Без единого слова старик опять провалился в сон, но на губах у него играла спокойная, знающая улыбка. Под невидящим взглядом Суханова толстуха неспешно смахнула рыбные объедки прямо на пол; в ее мясистых мочках сверкали фальшивые аметисты величиной с грецкий орех. Внезапно соседство с этими странными людьми, в этом поезде, летящем неведомо куда, сделалось для него столь невыносимым, что ему стало невмоготу сидеть без движения, вычисляя ход времени сквозь дурман своих мыслей, угадывая очертания ночи, через которую они тряслись, невольно прижимаясь бедром к желеобразным женским телесам… Машинально кивнув старику, он поднялся со своего места и, покачиваясь, выбрался в проход.

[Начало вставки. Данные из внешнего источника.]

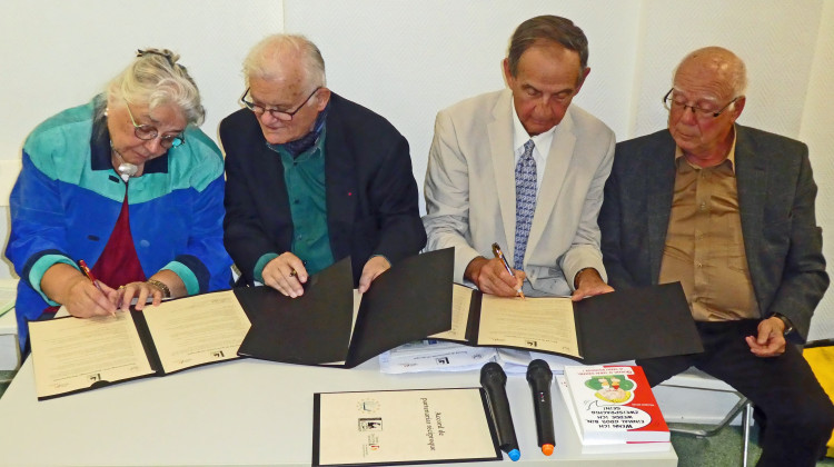 „Es ist ein historischer Moment", betonte Gérard Cardonne, Vorstand der SEAL und Träger des Badischen Heimatpreises (2001), bei der feierlichen Zeremonie. Gemeinsam mit Dr. Karin Jäckel vom AutorenNetzwerk Ortenau-Elsass® und Richard Weiss, Vorsitzender der René-Schickele-Gesellschaft und Mitglied des Vereins Deutscher Sprache, unterzeichnete er die bilinguale Urkunde.
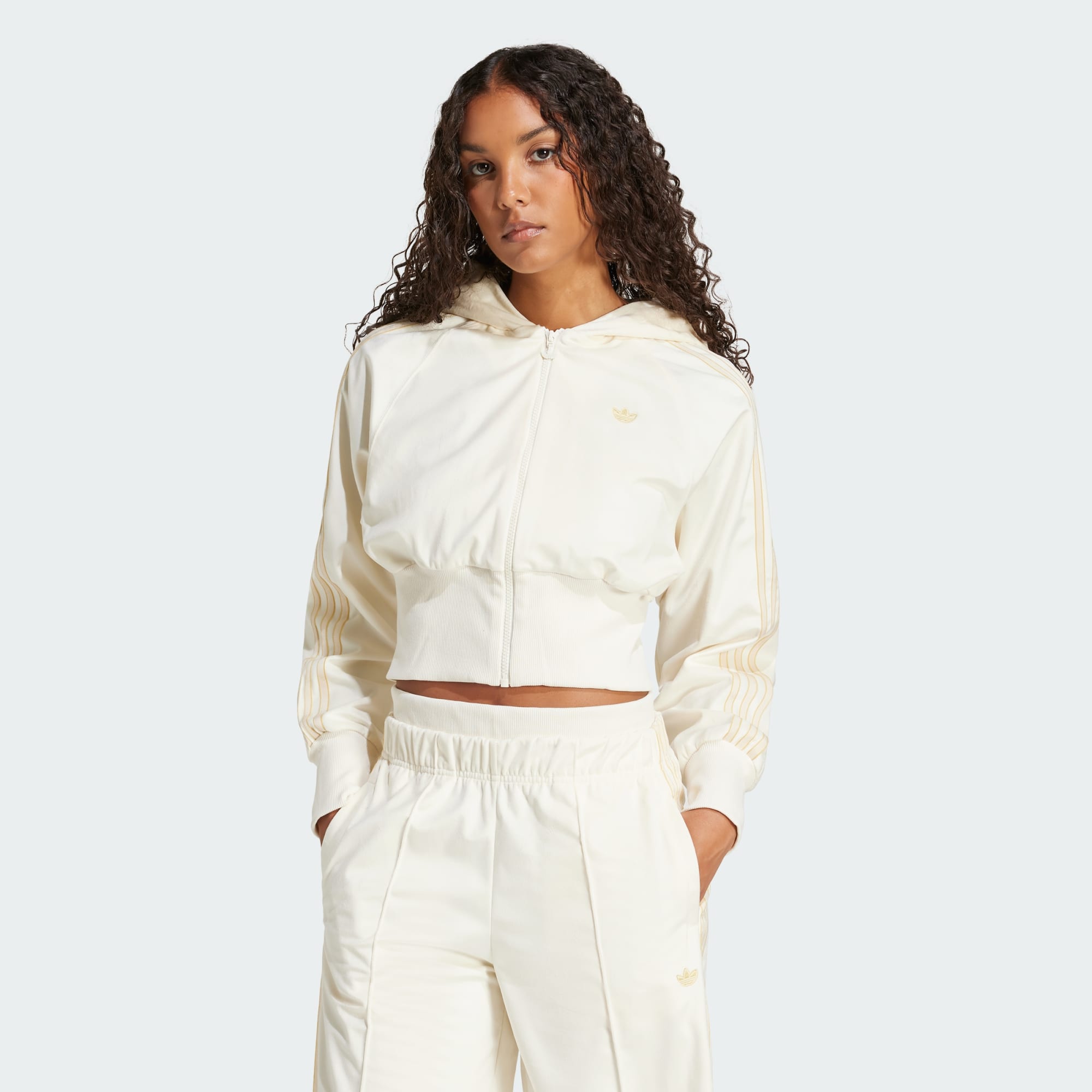Channel '90s nostalgia in this adidas track top. Inspired by the female hip hop scene of the era, it combines a velour build with an oversized hood and a nipped-in waist. Ribbing adds shape, and a small Trefoil on the front shows off your adidas pride. Whether you're layering it over a tee or zipping it up over a turtleneck, this jacket brings the attitude.
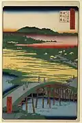 45. El puente Yatsumi no hashi (八ツ見のはし Yatsumi no hashi?) (8-1856) | Yatsumi no hashi quiere decir «vista de los ocho puentes», pues desde allí (actualmente es el Puente Ichikoku) se podían ver ocho puentes seguidos a lo largo del río. Nuevamente el autor antepone un primer plano en el costado derecho con unas ramas colgantes de sauce llorón, mientras que en la esquina inferior izquierda aparecen unos travesaños del puente. En plano medio se ve el río surcado por varias embarcaciones, tras el cual se suceden diversos puentes que se pierden en la lejanía. Los edificios del fondo corresponden al palacio del Shōgun, detrás del que se yergue la imponente majestuosidad del monte Fuji. El cielo tiene la habitual gradación de colores, atravesado por el vuelo de dos pájaros.[59] | |||||||
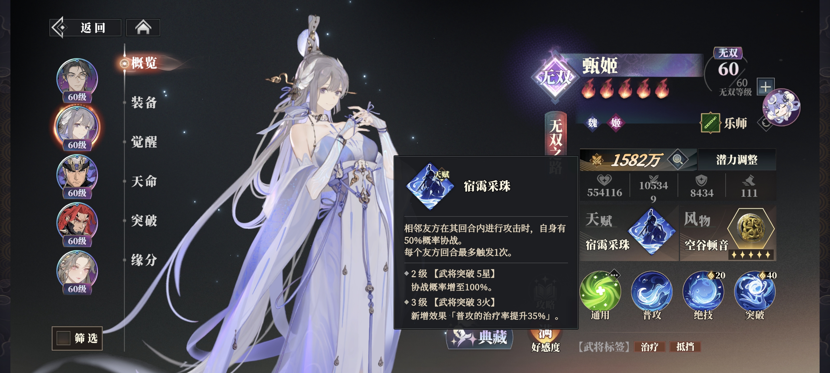 如孙尚香+甄姬阵容,孙尚香携带无间鹿鸣,甄姬携带玉角鸣和,孙尚香施放绝技的行动次数为:绝技+自带2次追击+玉角追击+甄姬追击=5次行动。
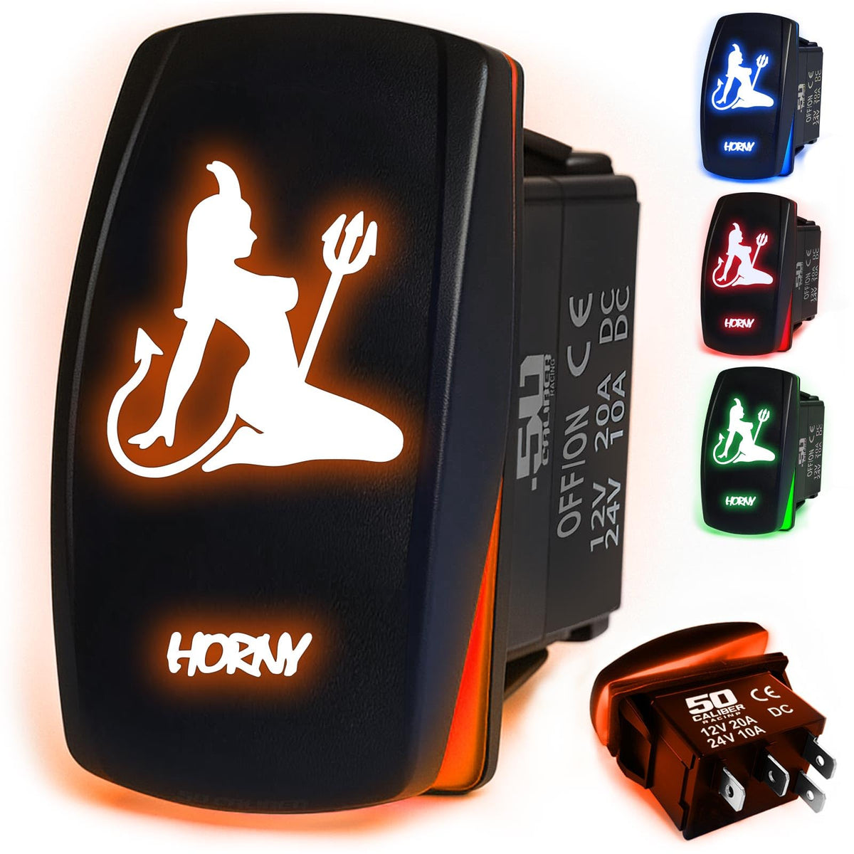 50 Caliber Racing Rocker Switch Momentary/Off Led Backlit -Horny- Utv, Auto, Boat 20A 12V (Orange)
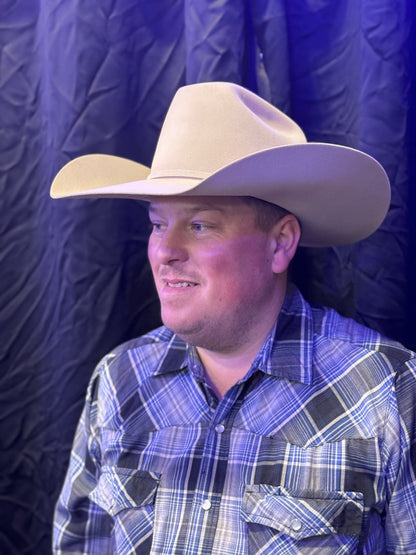 A working cowboy’s crown with a unique lift in the rear—designed for long days, strong looks.

Там давка оказалась еще сильней, чем прежде. Когда он протискивался вперед, чтобы оказаться напротив ближайшего окна, вид этих голов, подрагивающих на фоне освещенного простенка, прерываемого обрамленными квадратами темноты, поразил его неожиданной параллелью с какой-то другой, давно канувшей в прошлое сценой. На секунду он замер, пытаясь вспомнить, к какому времени и месту принадлежало это непрошенное déjà vu, но тут же сдался и с удвоенной силой заработал локтями.
Люди стояли в три ряда, а то и в четыре, негромко переговаривались и старались протолкнуться туда, где лучше видно. Он испытывал сильное волнение, охватившее его целиком, нетерпеливым зудом поднимавшееся, казалось, от его ступней, нывших после стольких часов стояния в очереди, до самых кончиков пальцев. И вот наконец оно было прямо перед ним — долгожданное видение, мягко светящееся розовым, голубым и серым: балансирующая на шаре девочка-гимнастка, дымчатые холмы за ломким изгибом ее тела, а на переднем плане мускулистая спина отдыхающего силача — пронзительно лиричная метафора человечества как бродячей труппы ярмарочных артистов и уродцев, смелое противопоставление силы и хрупкости, необузданности и нежности, покоя и движения. Шедевр раннего Пикассо.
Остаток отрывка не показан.